### Work request
Begin at the top of the records below and print each line exactly until the line containing "Familien- und erbrechtliche" has been printed; any pictures are to be left out.

[Data items]
===============

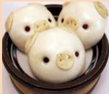
■豚ちゃん肉 まんじゅう 1個 350円 (税別)
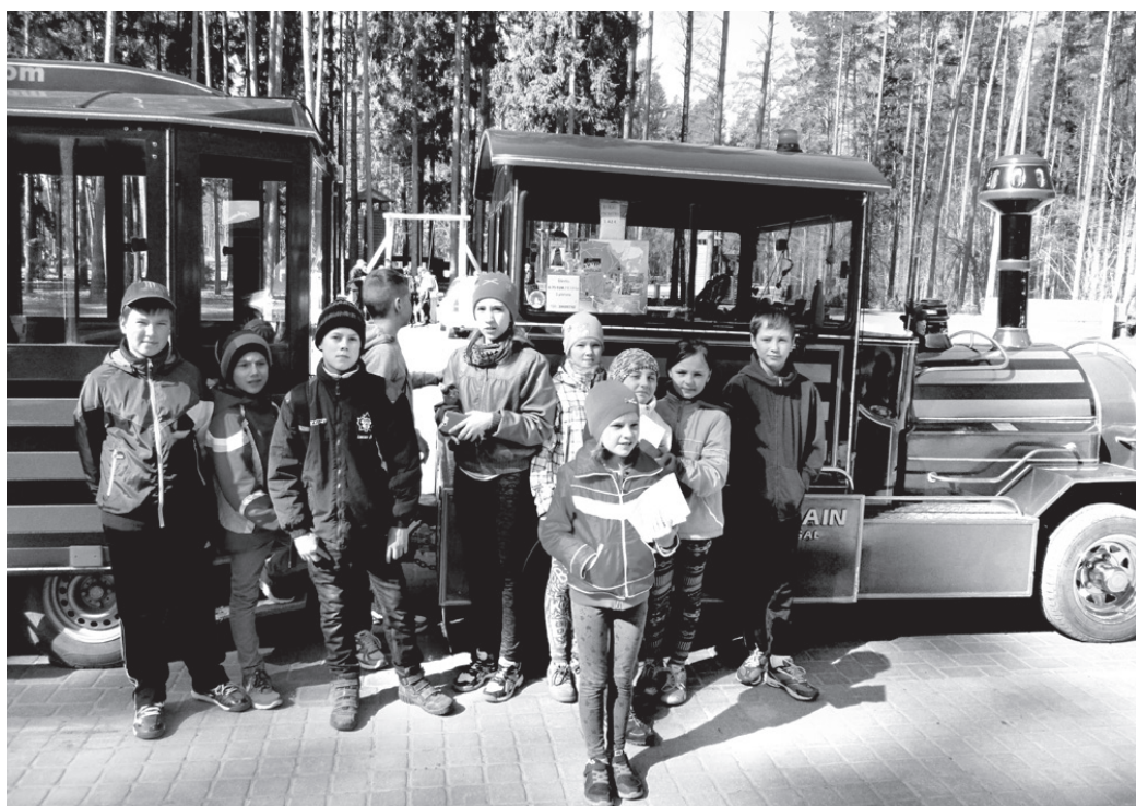
Vecumnieku vidusskolas audzēkņi Meža olimpiādē ieguva 5. vietu valstī.

Sacensībās bijām pati jaunākā komanda. Pārējie dalībnieki bija 8. – 12. klašu skolēni. Mums atļāva startēt visiem kopā – audzēkņiem un skolotājai, lai 5 km garajā trasē mežā bērni vieni paši neapmaldītos.
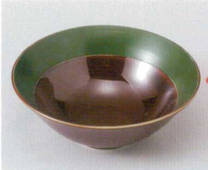
24-103-262 2,900円 obi 15.5cm鉢 (φ15.6×6) 1003050326
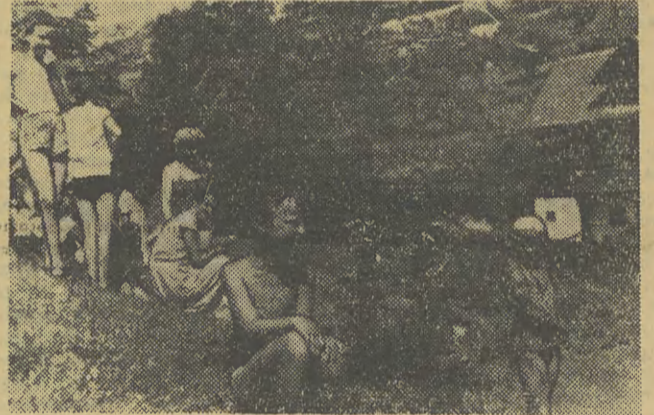
Na kolonii CPLiA w Krościenku.
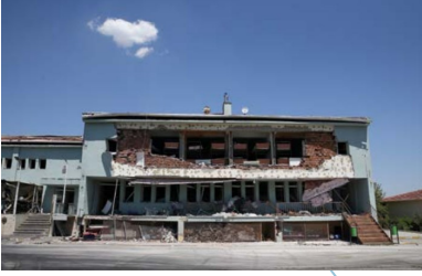
Darbecilerin özellikle en ağır silahlarla havadan ve karadan bombaladığı, 50 şehit verdiğimiz Özel Harekât Daire Başkanlığı şu an kullanılamayacak durumda
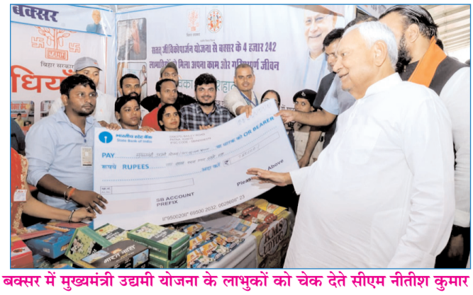
बक्सर में मुख्यमंत्री उद्यमी योजना के लाभुकों को चेक देते सीएम नीतीश कुमार

* औरंगाबाद एवं बोकारो से प्रकाशित * www.navbihartime.com
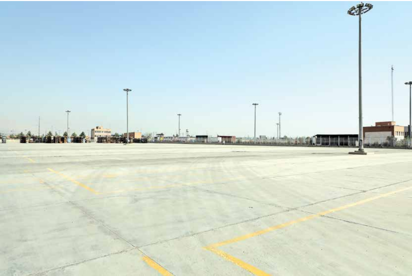
پارکینگ فضای ایران خودرو / مهرماه ۱۴۰۱ / عظیمرضا موسیائیکر / ایران
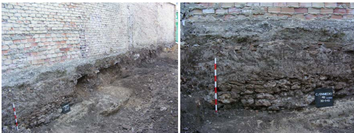
Lám.IX-X. Medianera sur y foto detalle de la obra mixta contemporánea con revoco en yeso.

A la finalización del Sondeo-1, en su proceso de excavación manual le sucede, dada la ausencia de restos arqueológicos, el control de los movimientos de tierra, cuyos resultados corroboran aquellos derivados de la excavación arqueológica.
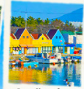
ท่าเรือสีสัน
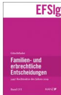
Familien- und erbrechtliche Entscheidungen EF-Slg Ladenpreis: 240,00 EUR
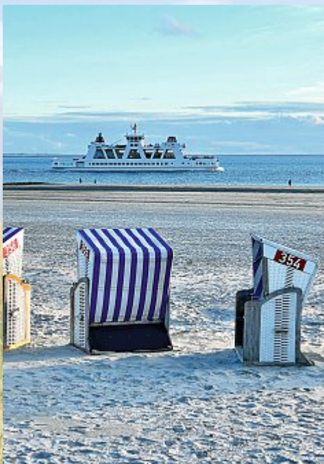
Das Blau schwimmt zu grau...
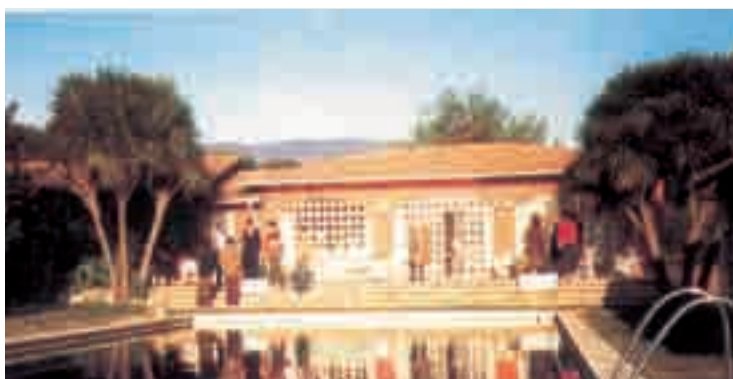
Lariano (Rm), il Centro di Formazione Acli "Marino Carboni"

A l XVII Congresso nazionale di Milano (30/1 - 2/2-1988) Giovanni Bianchi, intuendo la profondità e la rapidità delle trasformazioni culturali, economiche e sociali in atto, dichiara che, in questa fase di passaggio, è possibile per le Acli cominciare a scrivere una storia diversa, basata su una responsabilità etica del civile che vuole più Stato ma meno assistenza, e maggiore autonomia che non sia disgiunta da un orizzonte di etica collettiva. Lo "scettro" deve tornare nelle mani del cittadino, vero arbitro della vita democratica.
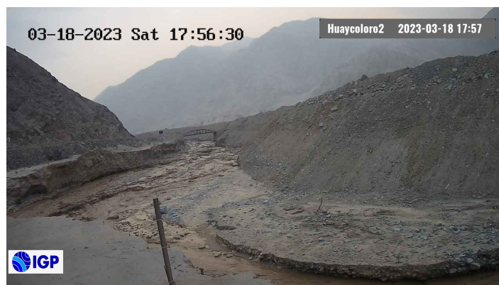
Figura 2.- Inicio de evento
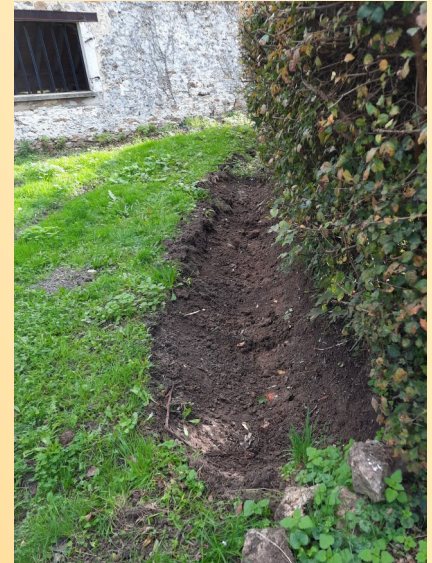
Le lavoir du Bezard
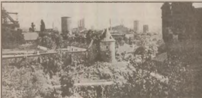
HUNEDOARA. Cetatea de foc văzută din Castelul medieval al Corvineștilor.
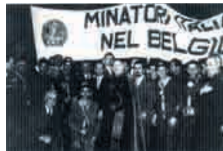
Minatori italiani "nel" Belgio

F in dai primi anni dalla loro nascita, le Acli sono emigrate insieme ai lavoratori italiani, radicandosi in quei Paesi dove i nostri connazionali si recavano in cerca di lavoro: Francia, Svizzera, Belgio, Germania. Le precarie condizioni lavorative, la lontananza dalla terra d'origine, spesso dalla famiglia, le difficoltà legate all'abitazione e al non essere accettati in società con culture diverse... erano i temi delle riflessioni di quegli anni, che nelle Acli si trasformavano da problemi e drammi personali in domande comuni, in analisi attente, in rivendicazioni sociali da rivolgere ai datori di lavoro, ai sindacati, alle istituzioni italiane e locali. (Sulla presenza delle Acli all'estero, si veda, Sonia Stefanovichj, a cura di, Le Acli in Europa e nel Mondo , Editoriale Aesse, Roma 2000).
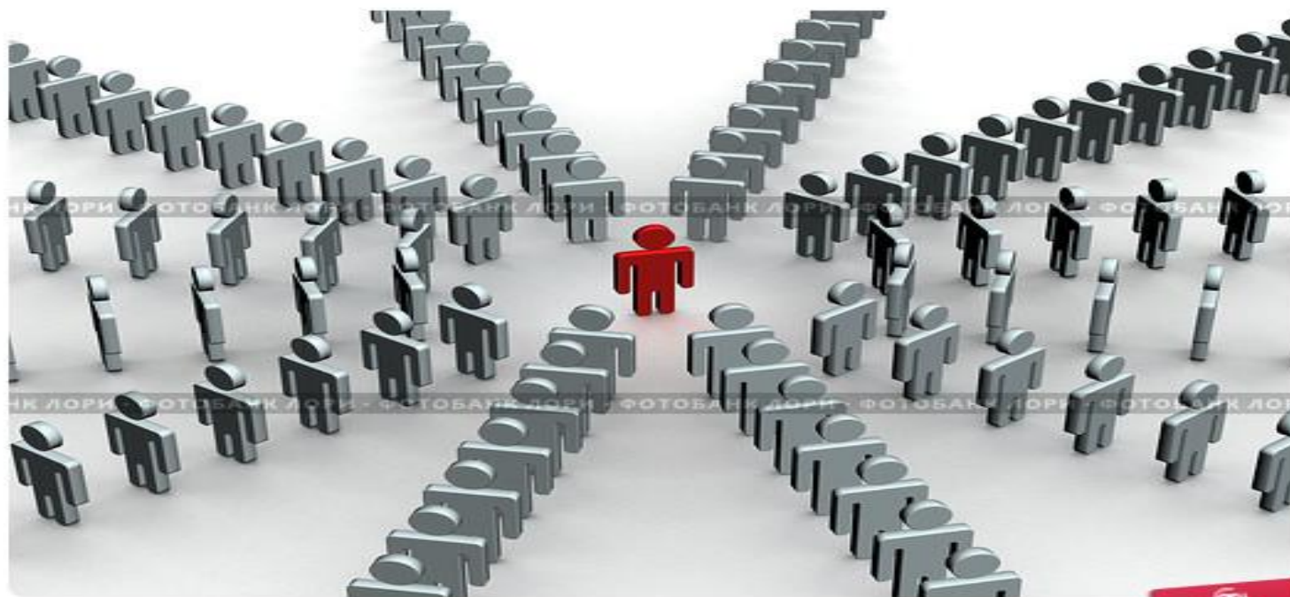
Концепция командной работы
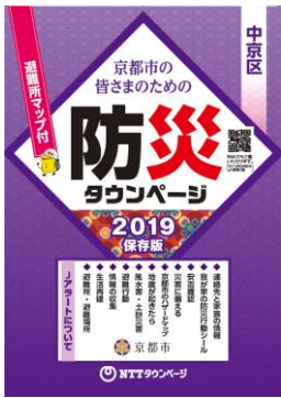
「防災タウンページ京都市中京区版」表紙

===============

### Written solution
■豚ちゃん肉 まんじゅう 1個 350円 (税別)
Vecumnieku vidusskolas audzēkņi Meža olimpiādē ieguva 5. vietu valstī.

Sacensībās bijām pati jaunākā komanda. Pārējie dalībnieki bija 8. – 12. klašu skolēni. Mums atļāva startēt visiem kopā – audzēkņiem un skolotājai, lai 5 km garajā trasē mežā bērni vieni paši neapmaldītos.
24-103-262 2,900円 obi 15.5cm鉢 (φ15.6×6) 1003050326
Na kolonii CPLiA w Krościenku.
Darbecilerin özellikle en ağır silahlarla havadan ve karadan bombaladığı, 50 şehit verdiğimiz Özel Harekât Daire Başkanlığı şu an kullanılamayacak durumda
बक्सर में मुख्यमंत्री उद्यमी योजना के लाभुकों को चेक देते सीएम नीतीश कुमार

* औरंगाबाद एवं बोकारो से प्रकाशित * www.navbihartime.com
پارکینگ فضای ایران خودرو / مهرماه ۱۴۰۱ / عظیمرضا موسیائیکر / ایران
Lám.IX-X. Medianera sur y foto detalle de la obra mixta contemporánea con revoco en yeso.

A la finalización del Sondeo-1, en su proceso de excavación manual le sucede, dada la ausencia de restos arqueológicos, el control de los movimientos de tierra, cuyos resultados corroboran aquellos derivados de la excavación arqueológica.
ท่าเรือสีสัน
Familien- und erbrechtliche Entscheidungen EF-Slg Ladenpreis: 240,00 EUR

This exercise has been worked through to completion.